職人インタビュー

 

藤林良教藤源

●荘厳仏具を支えて17代

――とても歴史ある工房なんですね。
当代である父で17代目になります。詳細な創業年については定かではありませんが、室町時代には現在と同じく仏具の彫金を家業としていたようです。かつては七条通(現在の京都駅近辺)に仏具職人が多く工房を構えており「七条仏所」と呼ばれていました。うちも祖父の代に現在の場所に移転する前はその近くに工房を構えていました。

――彫金とはどのようなお仕事でしょうか。
文字通り、「金属」を「彫る」職人です。私たちがおもに使う道具は鏨。これを何種類も持ち替えて鋳物に柄や文様を彫り、浮かび上がらせます。鏨は必要に応じて自作することも多いので何本あるかはわかりませんね。手元に置いてよく使うものだけでも数百本はあるんじゃないでしょうか。

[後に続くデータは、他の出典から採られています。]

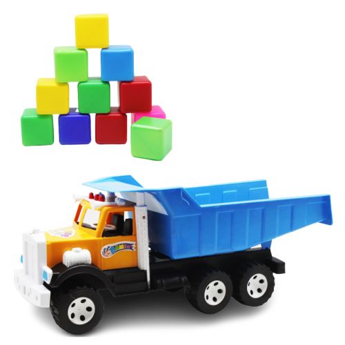 Машинка 'Самосвал Фарго Бамсик' (разноцветные кубики 11 шт. в комплекте). Откидной кузов для удобной выгрузки. Пластик.
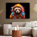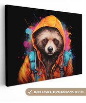 Canvas schilderijen - Graffiti - Wasbeer - Jas - Zwart - Woonkamer - Slaapkamer
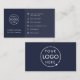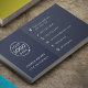 A simple custom icon business card template in a modern minimalist style featuring a navy blue background with a semi-transparent soft gray panel. This versatile design can be easily updated with your company logo, photo, or graphic along with your name, title, address, phone, email, and social media details. Perfect for professionals, freelancers, and small business owners who want a polished and contemporary look. The icons can be customized or replaced to match your brand style, allowing you to include platforms like Instagram, Facebook, LinkedIn, Twitter, WhatsApp, or YouTube. A flexible and elegant design that combines simplicity with function, giving your business card a truly bespoke, professional touch.
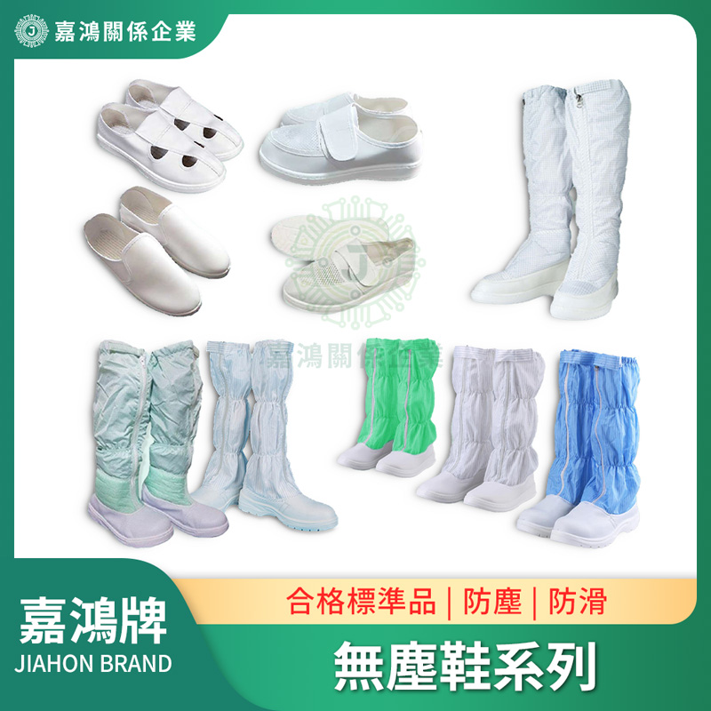 選無塵鞋,按優先順序問三個問題:① 作業中有重物掉落、撞擊風險?→ 需要鋼頭款。② 作業姿勢需要腳踝支撐或防塵包覆?→ 選長筒。③ 其餘條件下優先考慮透氣性與穿著舒適度 → 選短筒四孔款。全系列均具備防靜電設計,ESD 防護能力相當。
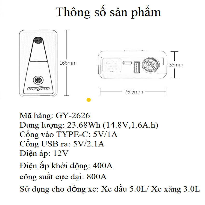 - Được sản xuất từ những linh kiện chất lượng cao với quy trình kiểm soát nghiêm ngặt bộ kích ắc quy ô tô Goodyear GY-2626 có khả năng cung cấp dòng lên đến 800A (peak current) cho phép khởi động gần như tất cả các dòng xe cá nhân và gia đình hiện nay. - -- Bên cạnh đó với dung lượng pin lưu trữ lên đến 12000mAh cho phép bạn có thể khởi động đến 40 lần cho một lần sạc đầy pin.
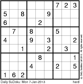 The Daily SuDoku: Mon 7-Jan-2013

――藤源さんでつくる仏具はどのようなものがあるんですか?
お寺にはたくさんの金属工芸品がありますが、うちでは「具足」と総称される「香炉」「花立て」「燭台」を手がけることが多いですね。

●専門職が支える京都の仏具の世界

――各宗派本山が集まる京都は、仏具製造の本場でもありますね。
京都の仏具の良さはやはりすべての工程を手仕事で仕上げていく丁寧さでしょうね。各工程に特化した職人が分業して高い品質を目指すのはもちろん、宗派ごとの厳密な決まりごとを守り伝えているところも特色です。

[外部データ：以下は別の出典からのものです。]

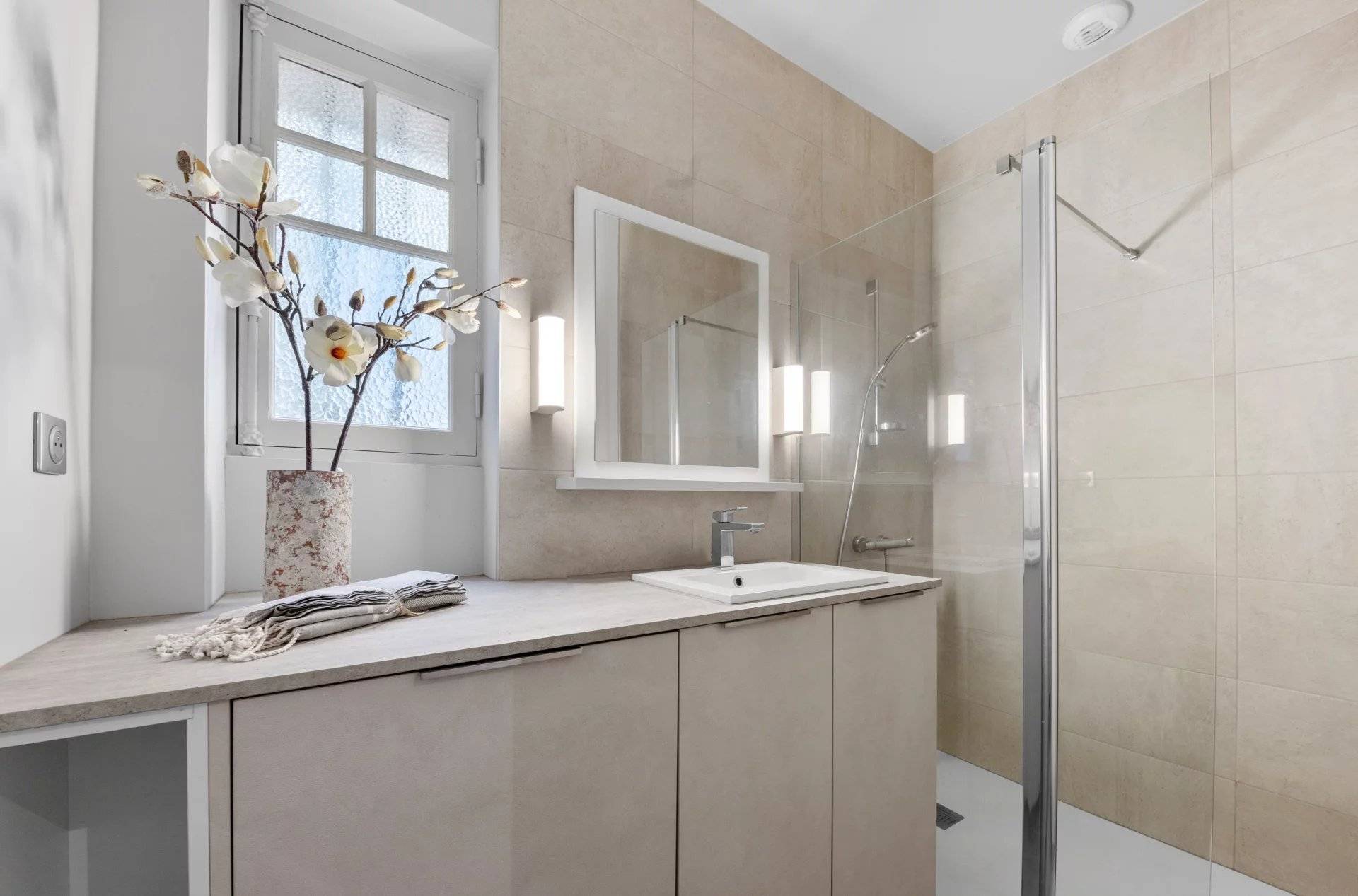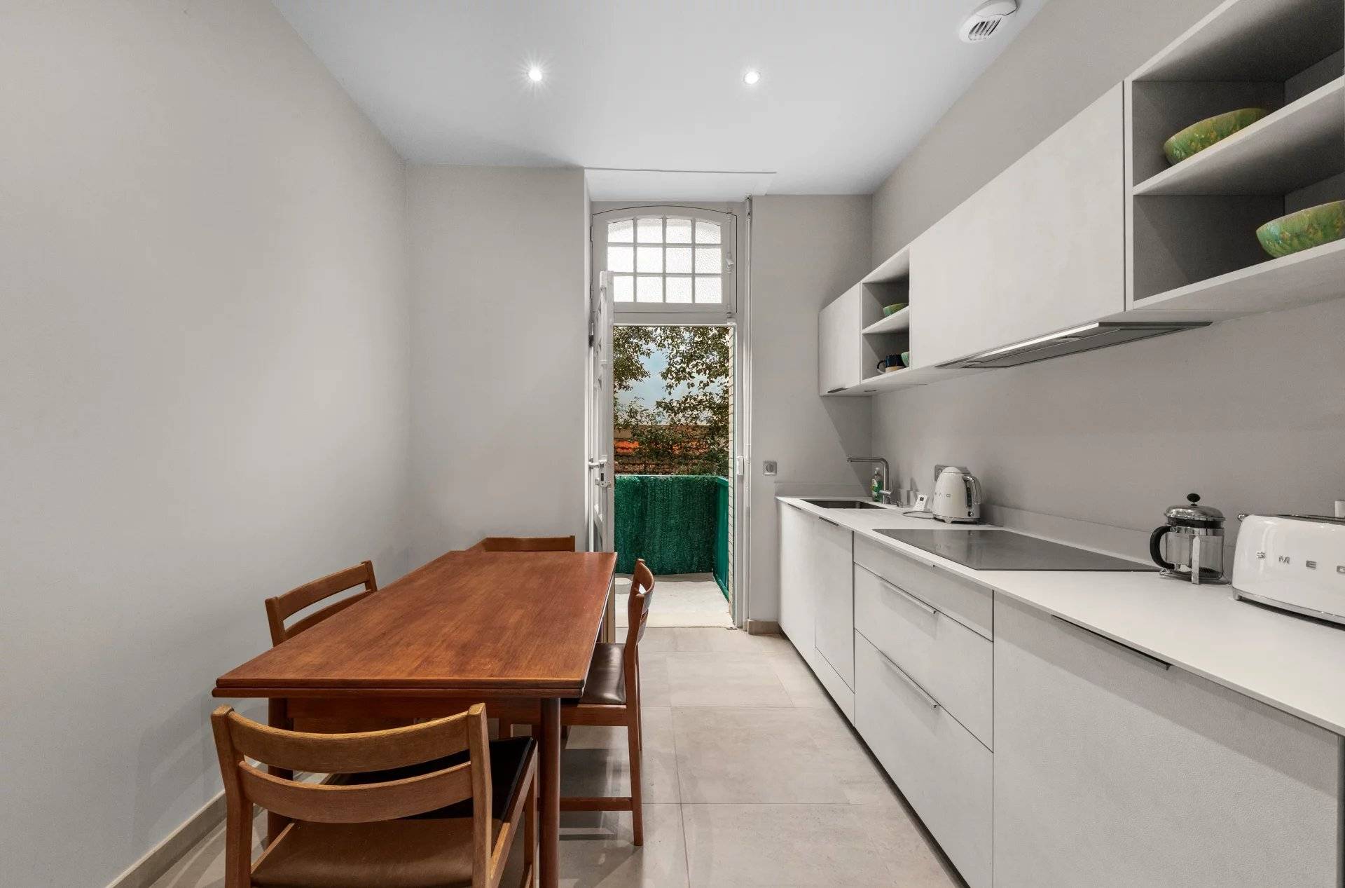 Cet élégant logement, entièrement rénové par un architecte, se trouve en rez-de-chaussée surélevé d'une bâtisse historique pleine de caractère.

――ひとくちに「仏具」と言っても、宗派ごとに違いがあるんですね。
仏具は宗派ごとに意匠や色が細かく異なります。また、特定の宗派でしか使わない仏具も存在します。ですので、京都の仏具職人は特定の宗派を専門に仕事をしているところも少なくないんですよ。うちは真宗大谷派(東本願寺)を中心にお仕事をさせて頂いています。

●技術を繋ぐために

――仏具の彫金には幅広い技法がありますが、どのようにして技術を習得されたんですか?
私の場合は、50年以上のキャリアがある父と一緒に仕事をしてきたことがとても恵まれていました。父が培ってきた技術だけではなく、経験や知恵なども教わってきました。また、工房には歴代の道具や資料などが残っていますから、過去の仕事に学ぶこともできました。

――手仕事の未来についてどのようにお考えですか?
仏具に限らず、京都の金属工芸の業界には同世代の職人さんが多く、業種の垣根を越えて励まし合っています。若手と呼ばれる私たちにとっては厳しい時代ではありますが、これからの次代に求められる工芸を皆で考えていきたいと思っています。